• EXERCISE OBJECTIVE
I'd like every entry returned exactly as it is, with the images left out.

● ● ● ● ●

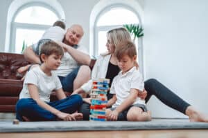 Family playing Jenga together, symbolizing togetherness and family values, in a cozy home setting, aligned with Loan Velocity's commitment to personalized support in securing financing.
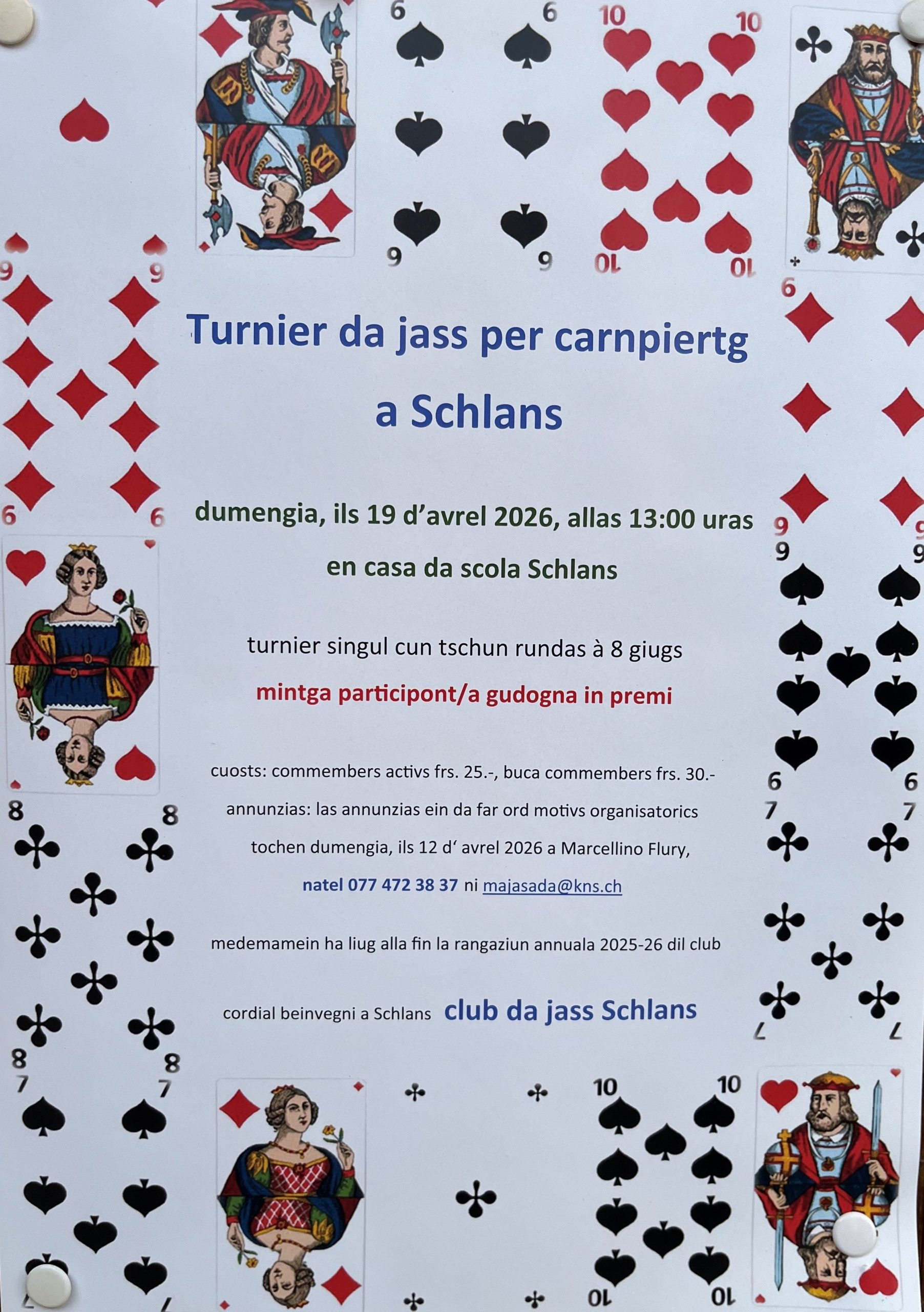 Ensemen cun Lukas Mosimann ha la Pro Schlans sviluppau ina seria da cartas da Schlans e contuorn. Las cartas ein venalas en sets da 10 per 25.- il set, quei en l'ustria Chispacius e tier la Pro Schlans (cun il formular dretg).
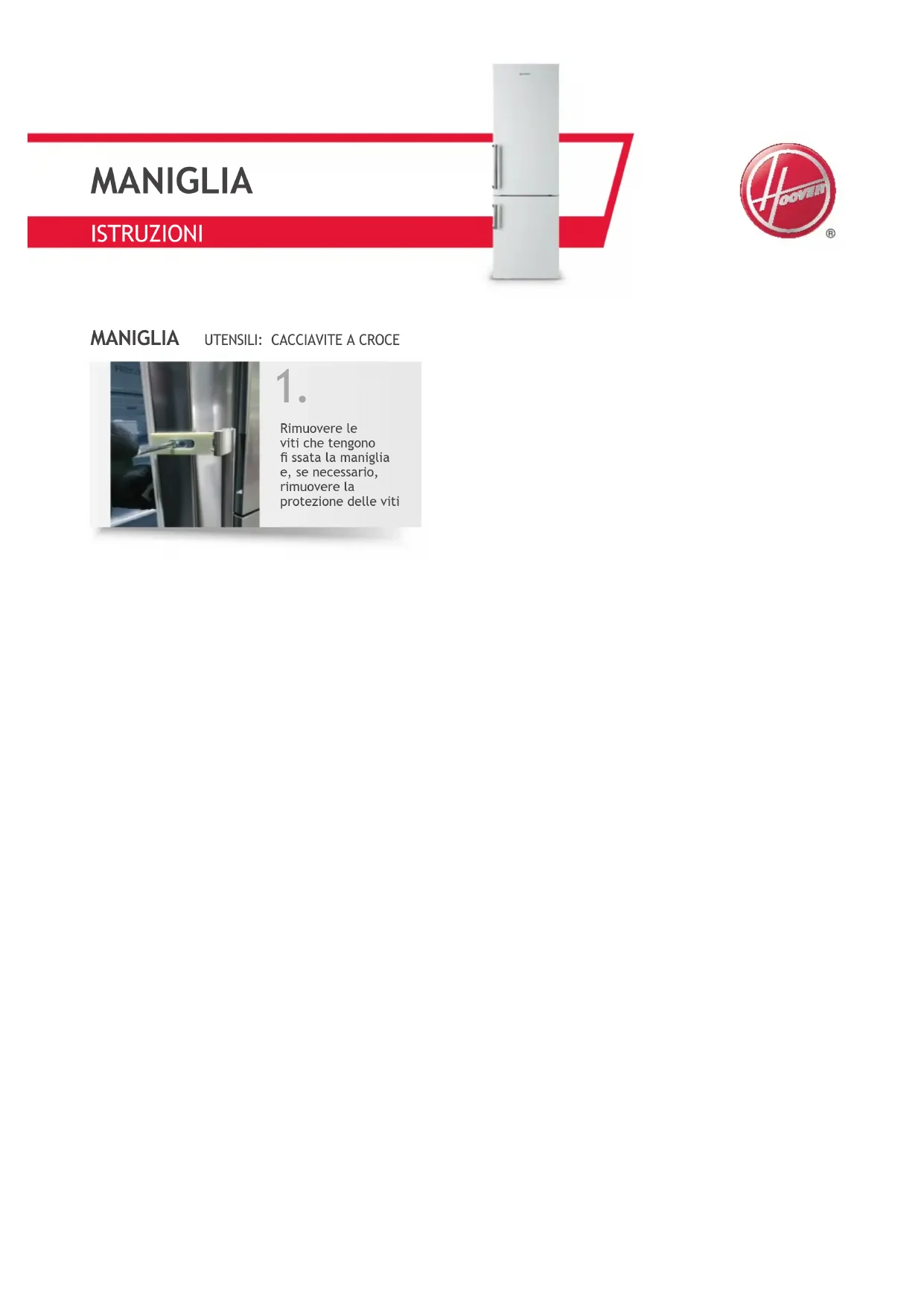 MANIGLIAISTRUZIONI Aprire lo sportello Rimuovere la guarnizione dalla sua sede tirando dall’angolo
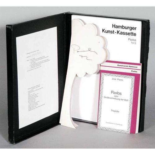 PAVLOS 12"x9" case with paper assemblage and pamphlets, #442/500, signed CONDITION REPORT: first few pages of assemblage are loose but still attached, otherwise excellent- no damage or restoration. PACKING AND SHIPPING: offered by Fairfield Auction to points within Continental U.S.A. and excluding insurance (which will be required and added) $30.
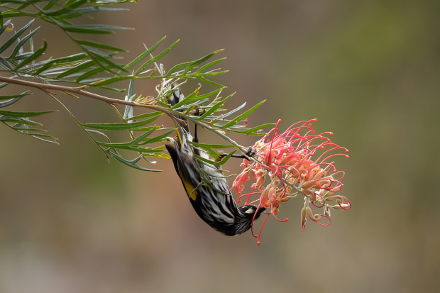 Amber Brentnall, New Holland Honeyeater in grevillia (April Theme: Garden)

● ● ● ● ●

• SOLUTION TO THIS TASK
 Family playing Jenga together, symbolizing togetherness and family values, in a cozy home setting, aligned with Loan Velocity's commitment to personalized support in securing financing.
 Ensemen cun Lukas Mosimann ha la Pro Schlans sviluppau ina seria da cartas da Schlans e contuorn. Las cartas ein venalas en sets da 10 per 25.- il set, quei en l'ustria Chispacius e tier la Pro Schlans (cun il formular dretg).
 MANIGLIAISTRUZIONI Aprire lo sportello Rimuovere la guarnizione dalla sua sede tirando dall’angolo
 PAVLOS 12"x9" case with paper assemblage and pamphlets, #442/500, signed CONDITION REPORT: first few pages of assemblage are loose but still attached, otherwise excellent- no damage or restoration. PACKING AND SHIPPING: offered by Fairfield Auction to points within Continental U.S.A. and excluding insurance (which will be required and added) $30.
 Amber Brentnall, New Holland Honeyeater in grevillia (April Theme: Garden)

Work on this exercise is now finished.